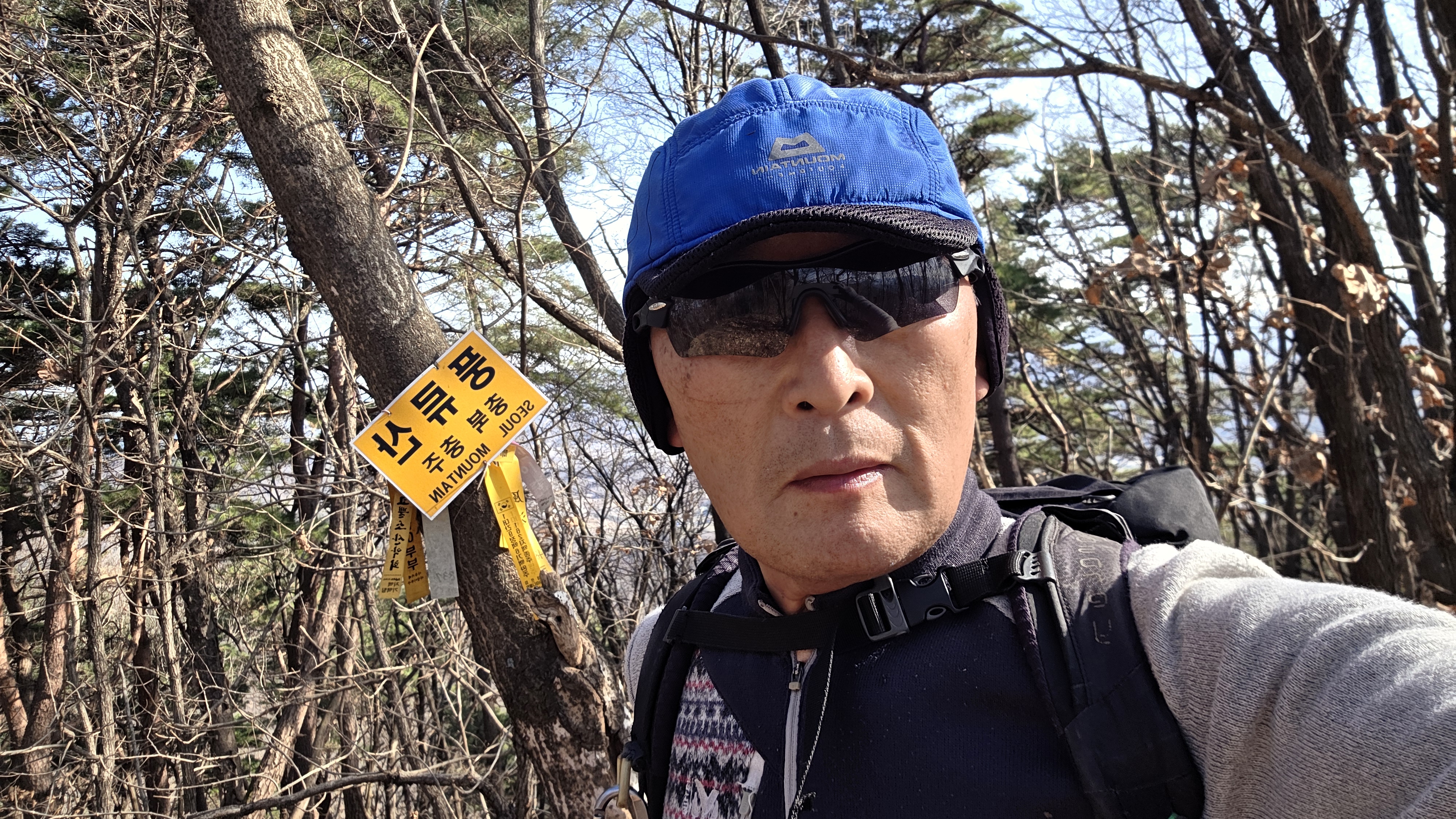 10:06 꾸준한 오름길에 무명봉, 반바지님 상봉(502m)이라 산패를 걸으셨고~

********************

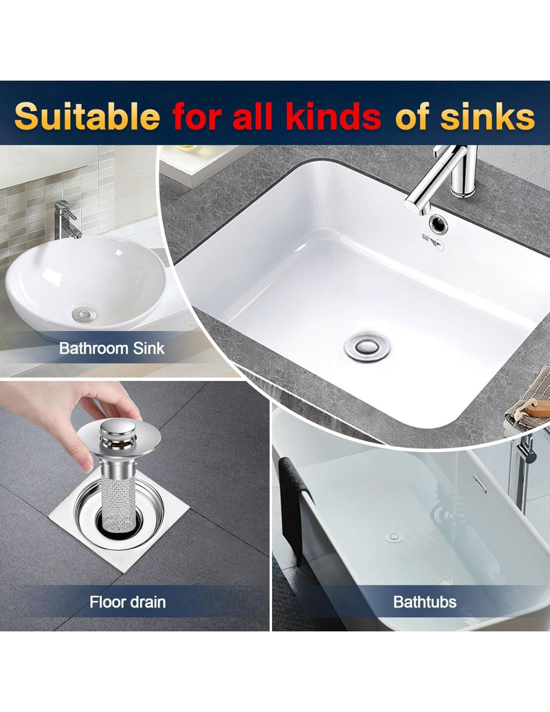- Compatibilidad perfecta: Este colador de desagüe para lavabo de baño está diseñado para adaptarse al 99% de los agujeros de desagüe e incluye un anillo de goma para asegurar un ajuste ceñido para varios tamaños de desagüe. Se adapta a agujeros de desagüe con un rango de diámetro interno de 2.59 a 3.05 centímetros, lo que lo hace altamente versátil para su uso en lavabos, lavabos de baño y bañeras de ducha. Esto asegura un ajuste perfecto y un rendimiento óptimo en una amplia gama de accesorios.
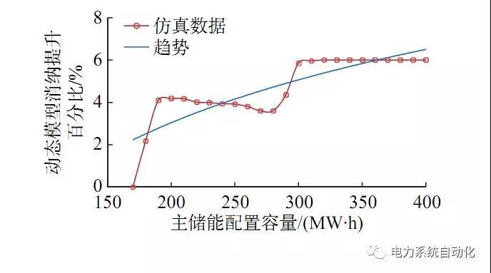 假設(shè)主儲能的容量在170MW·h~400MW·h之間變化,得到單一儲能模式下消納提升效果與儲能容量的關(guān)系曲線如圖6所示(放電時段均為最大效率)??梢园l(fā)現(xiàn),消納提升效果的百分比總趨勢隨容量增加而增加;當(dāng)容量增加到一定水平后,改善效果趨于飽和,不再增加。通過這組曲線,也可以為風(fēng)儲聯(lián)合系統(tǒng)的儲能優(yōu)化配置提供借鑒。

********************

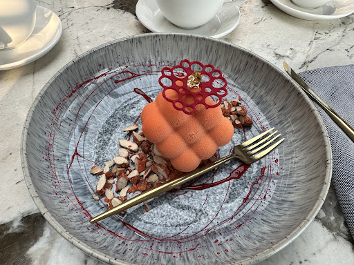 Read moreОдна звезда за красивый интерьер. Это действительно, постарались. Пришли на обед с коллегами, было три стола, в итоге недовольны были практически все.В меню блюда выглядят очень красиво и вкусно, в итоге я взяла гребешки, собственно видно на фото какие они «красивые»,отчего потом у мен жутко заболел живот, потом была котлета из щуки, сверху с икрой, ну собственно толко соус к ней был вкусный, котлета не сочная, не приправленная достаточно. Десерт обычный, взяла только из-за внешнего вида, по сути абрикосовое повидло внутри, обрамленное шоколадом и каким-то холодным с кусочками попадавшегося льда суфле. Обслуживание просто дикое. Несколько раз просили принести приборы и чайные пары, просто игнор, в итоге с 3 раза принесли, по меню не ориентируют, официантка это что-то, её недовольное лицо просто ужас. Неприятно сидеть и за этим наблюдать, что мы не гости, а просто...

********************

Beginning with the line that contains "- Compatibilidad perfecta: Este" and ending with the line that contains "假設(shè)主儲能的容量在", reproduce the listing exactly, pictures excluded.

- Compatibilidad perfecta: Este colador de desagüe para lavabo de baño está diseñado para adaptarse al 99% de los agujeros de desagüe e incluye un anillo de goma para asegurar un ajuste ceñido para varios tamaños de desagüe. Se adapta a agujeros de desagüe con un rango de diámetro interno de 2.59 a 3.05 centímetros, lo que lo hace altamente versátil para su uso en lavabos, lavabos de baño y bañeras de ducha. Esto asegura un ajuste perfecto y un rendimiento óptimo en una amplia gama de accesorios.
 假設(shè)主儲能的容量在170MW·h~400MW·h之間變化,得到單一儲能模式下消納提升效果與儲能容量的關(guān)系曲線如圖6所示(放電時段均為最大效率)??梢园l(fā)現(xiàn),消納提升效果的百分比總趨勢隨容量增加而增加;當(dāng)容量增加到一定水平后,改善效果趨于飽和,不再增加。通過這組曲線,也可以為風(fēng)儲聯(lián)合系統(tǒng)的儲能優(yōu)化配置提供借鑒。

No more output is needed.